- _Activity_: Return verbatim the run of lines that opens with the line holding "Prodaje se 3s" and closes with the last line of the records.

- _Supplied records_:
▶

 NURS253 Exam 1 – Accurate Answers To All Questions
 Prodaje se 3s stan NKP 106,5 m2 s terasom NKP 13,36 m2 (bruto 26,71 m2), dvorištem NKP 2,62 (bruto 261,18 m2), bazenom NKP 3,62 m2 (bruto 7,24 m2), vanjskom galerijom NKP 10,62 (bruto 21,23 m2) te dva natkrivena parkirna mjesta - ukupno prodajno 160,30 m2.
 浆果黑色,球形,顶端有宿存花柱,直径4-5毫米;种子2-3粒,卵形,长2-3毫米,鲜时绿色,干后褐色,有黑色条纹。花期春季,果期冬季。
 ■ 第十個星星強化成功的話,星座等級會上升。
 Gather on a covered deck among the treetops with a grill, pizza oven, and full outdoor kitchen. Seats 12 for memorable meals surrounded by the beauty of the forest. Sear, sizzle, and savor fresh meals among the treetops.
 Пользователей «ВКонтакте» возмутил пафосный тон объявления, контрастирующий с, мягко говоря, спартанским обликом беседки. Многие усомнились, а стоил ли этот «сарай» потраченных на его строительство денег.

◀

- _Answer section_:
 Prodaje se 3s stan NKP 106,5 m2 s terasom NKP 13,36 m2 (bruto 26,71 m2), dvorištem NKP 2,62 (bruto 261,18 m2), bazenom NKP 3,62 m2 (bruto 7,24 m2), vanjskom galerijom NKP 10,62 (bruto 21,23 m2) te dva natkrivena parkirna mjesta - ukupno prodajno 160,30 m2.
 浆果黑色,球形,顶端有宿存花柱,直径4-5毫米;种子2-3粒,卵形,长2-3毫米,鲜时绿色,干后褐色,有黑色条纹。花期春季,果期冬季。
 ■ 第十個星星強化成功的話,星座等級會上升。
 Gather on a covered deck among the treetops with a grill, pizza oven, and full outdoor kitchen. Seats 12 for memorable meals surrounded by the beauty of the forest. Sear, sizzle, and savor fresh meals among the treetops.
 Пользователей «ВКонтакте» возмутил пафосный тон объявления, контрастирующий с, мягко говоря, спартанским обликом беседки. Многие усомнились, а стоил ли этот «сарай» потраченных на его строительство денег.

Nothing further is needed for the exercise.